By the end of January 1995, the album Glenmark, Eriksson, Strömstedt was released, which peaked at the top of the charts in Sweden. In connection with the album release, SVT broadcast a special program about GES under the direction of Felix Herngren. The album has sold over 500,000 copies and is considered a Swedish pop classic, with hit singles such as "En jävel på kärlek" and "Hon är min". During the summer of 1995, a sold-out tour of Sweden was performed by the group, which was seen by over 200,000 people.

The group made a comeback as an intermission during the final of the Melodifestivalen 2003 in the Ericsson Globe and released their second album Den andra skivan in April of the same year. The album peaked at No. 2 on the Sverigetopplistan and during the summer a tour of 25 performance dates was carried out.
The tour was not a success and had low audience numbers.

After not performing together for almost ten years, a mutual friend of the group had his birthday in the summer of 2012, and the members decided to perform some covers of his favorite songs. When Orup got his own hour of Allsång på Skansen in "Allsångsscenen är din" during the summer of 2016, GES made a comeback with a few songs and the interest to continue playing together was aroused.
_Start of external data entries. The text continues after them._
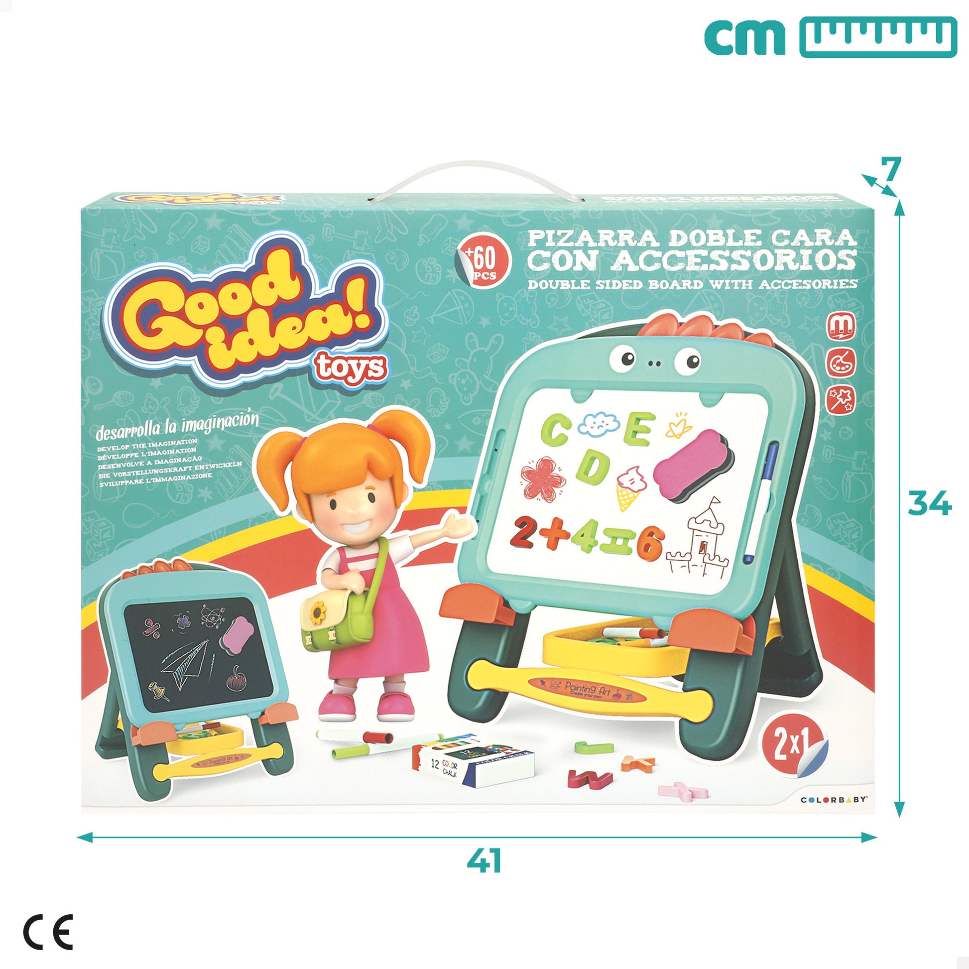 Essequadro magnético infantil dupla faceTem tudo o que precisa para libertar a sua criatividade e aprender brincando. Com esta prancheta de desenho de dupla face, pode desenhar, escrever e praticar as suas primeiras letras e números de diferentes formas. De um lado,quadro branco magnéticoÉ perfeito para utilizar com as letras e números magnéticos incluídos no conjunto, bem como com marcadores apagáveis que permitem escrever e desenhar livremente. Por outro lado, olousaÉ ideal para usar com giz colorido. Pode alternar facilmente entre os lados simplesmente virando o quadro!
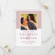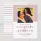 Modern wedding save the date announcement cards feature a square engagement photo framed in rose pink with a simple and minimalist style monogram of the bride and groom names with an elegant script ampersand. Personalize the save the date wording with the wedding date and location. The back of the card includes a sleek pattern of thin burgundy red and white horizontal stripes.
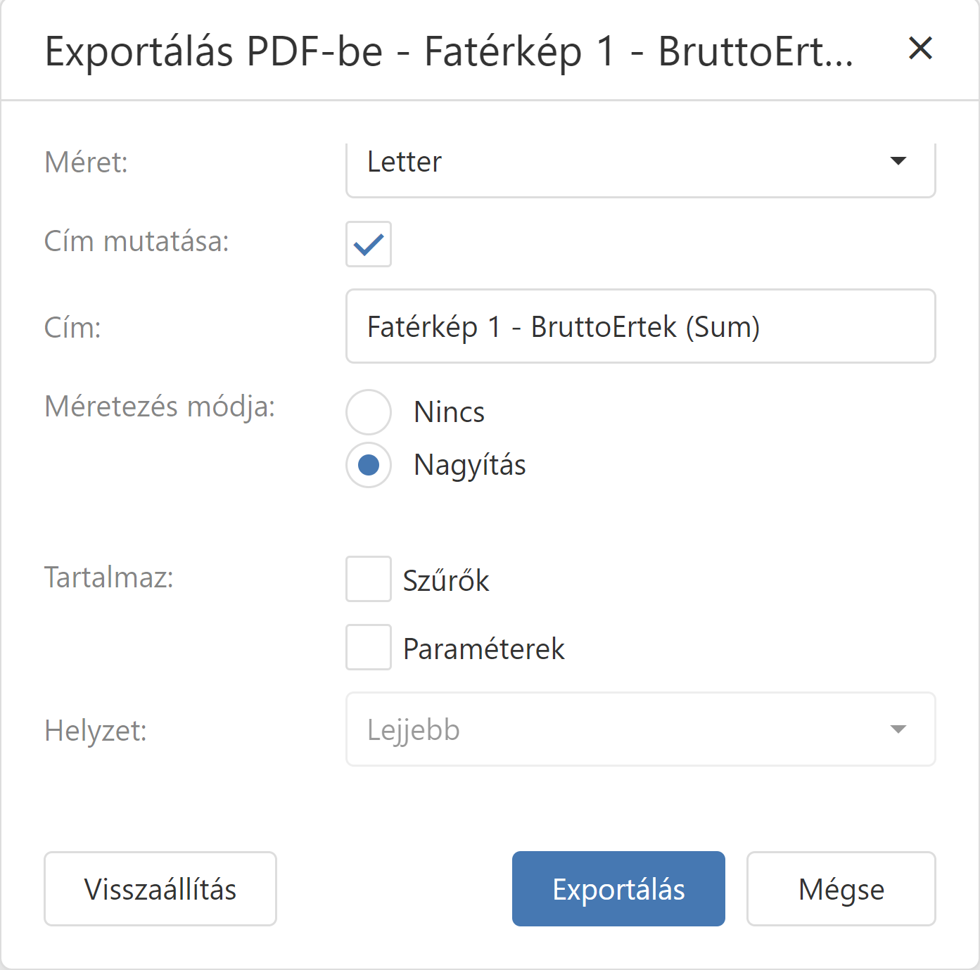 •Fájl neve - Adja meg az exportált PDF fájl nevét. •Oldal elrendezése - Megadhatja a Fatérkép exportálásához használt oldal tájolását. Választhat Álló, Fekvő és Automatikus tájolás között. •Méret - Megadhat papírméretet (a szokásos méretek közül lehet választani, például Letter vagy A4). •Cím mutatása - Ha szeretné, hogy az exportált dokumentumban a Fatérképnek legyen címe, akkor tegyen pipát a kis négyzetbe. •Cím - Megadhatja az exportált dokumentum címét. Automatikusan megjeleníti a Fatérkép címét, de ezt itt módosíthatja. •Méretezés módja - Megadhatja a méretezés módját a Fatérkép exportálásakor. •Tartalmaz | Szűrők - Lehetővé teszi, hogy főszűrő értékeket vegyen fel az exportált dokumentumba. •Tartalmaz | Paraméterek - Lehetővé teszi paraméterértékek felvételét az exportált dokumentumba. •Helyzet - Megadhatja a Szűrők és a Paraméterek helyzetét az exportált dokumentumban. Választható Lejjebb és Külön oldal.
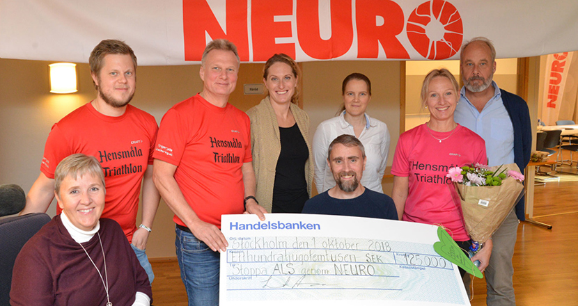 För sjätte året i rad arrangerades Hensmåla Triathlon i juli 2018. Tävlingen är skapad av familjen Arnesson i Hensmåla och målet med den är att allt överskott ska gå till forskning kring den svåra neurologiska diagnosen als, amyotrofisk lateralskleros. I år blev överskottet 125 000 kronor och summan har nu levererats till Neurofonden, för att sedan slussas vidare till det nya kliniska als-forskningscentret för alla als-patienter i landet, på Karolinska sjukhuset.
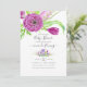 Chá de fraldas de primavera de cor d'água botânica com tipografia elegante. As flores apresentadas são ranúculus, tulipas, violetas e crocos com forte influência impressionista chinesa.
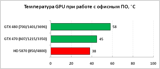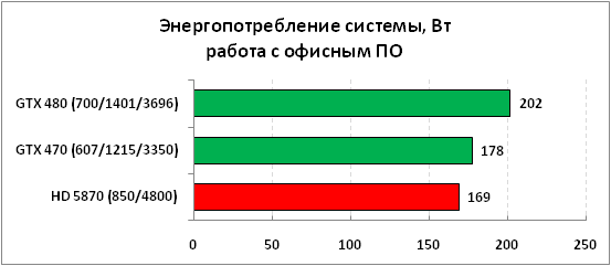 При работе в "офисном" режиме системы с установленными видеокартами Radeon HD5870 и GeForce GTX 470 показывают довольно близкие результаты, но первая все же чуточку экономичнее.
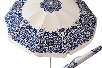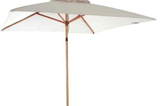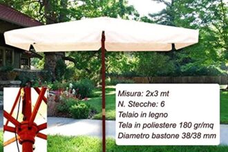 Parasole con inclinazione multi-posizioni, sistema di apertura retrattile con manovella, sistema di rotazione a 360° azionabile con pedale, base a croce (piastrelle non incluse)
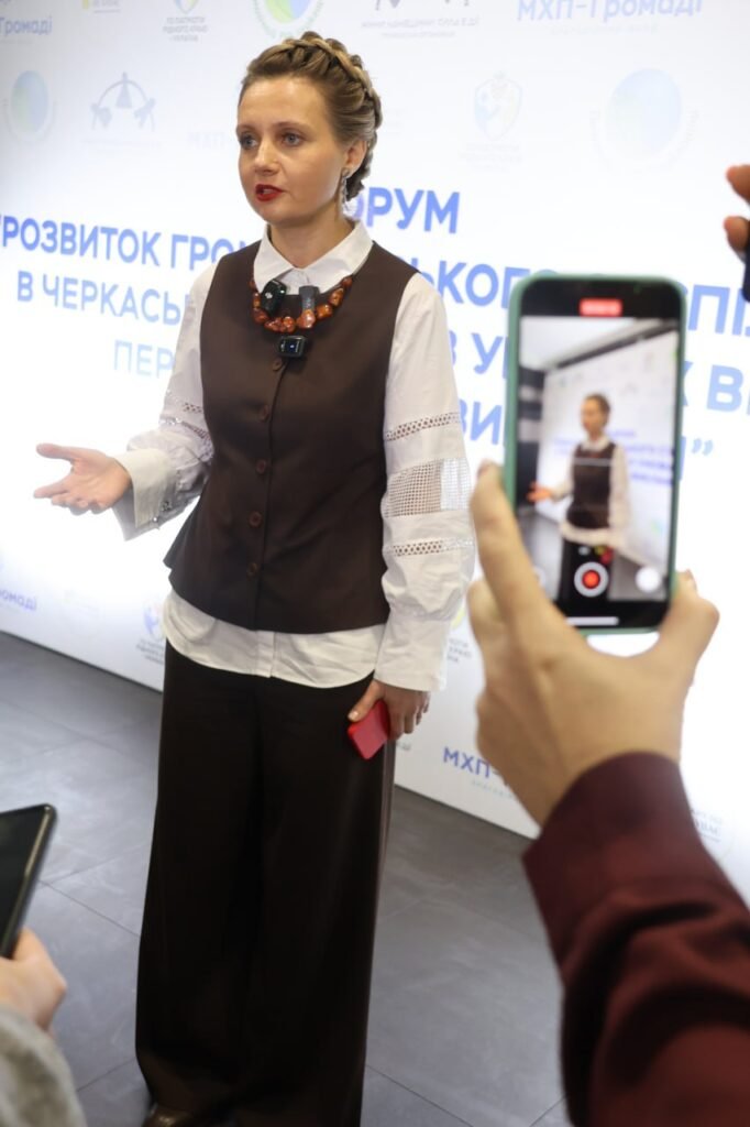 Голова Ради розвитку громад фонду та депутатка Черкаської облради Тетяна Волочай розповіла про оновлену стратегію організації. Вона включає чотири ключові напрями:
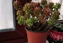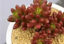 虹之玉是景天科景天属的多肉植物,多年生肉质草本植物。生长速度较快,叶片肉质,呈长椭圆形,约1厘米长,互生。花黄色,星形,秋冬季节或强光照下,叶片部分或全部转为鲜红色。生长适温10~28℃,…全部>>
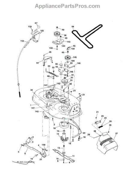 This is a belt guard for use with certain models of riding mower and lawn tractor. The belt guard is situated between the washer and the arm idler. The purpose of the guard is to help guide the belt so that it works properly. They could also help to protect the belts from damage and work as a safety feature.The belt guard is made from durable metal and it is made to last. However, owners might find that they eventually need to replace the piece if it breaks or has other damage. If the belt guard has been bent or if it is corroding, it will not do its job properly. Replacing the guard will require a socket set, wrench set, and a set of pliers.The belt guard can serve as a replacement for many models of riding mowers and tractors from Husqvarna, Weed Eater, Ryobi, Poulan, and Jonsered. The piece is sold individually, and it is an authentic OEM replacement part sourced from the manufacturer.

In the summer of 2017, the band played six sold-out evenings in front of 24,000 concertgoers at Borgholm Castle on the island of Öland. During the summer of 2018, GES conducted its first concert tour since 2003, with a premiere at Dalhalla on 11 July and ending at Skansen on 25 August, with a total of 18 performance dates. The tour premiere at Dalhalla broke the audience record for the arena with a total of 5,739 visitors.

In the spring of 2020, a pub show was planned to be performed at the Gothia Towers in Gothenburg. It was originally going to be performed between 3 April and 2 May, but it was delayed due to the COVID-19 pandemic. The premiere was moved to Cirkus in Stockholm in September and the Gothenburg dates were planned to be held in Scandinavium during March 2021.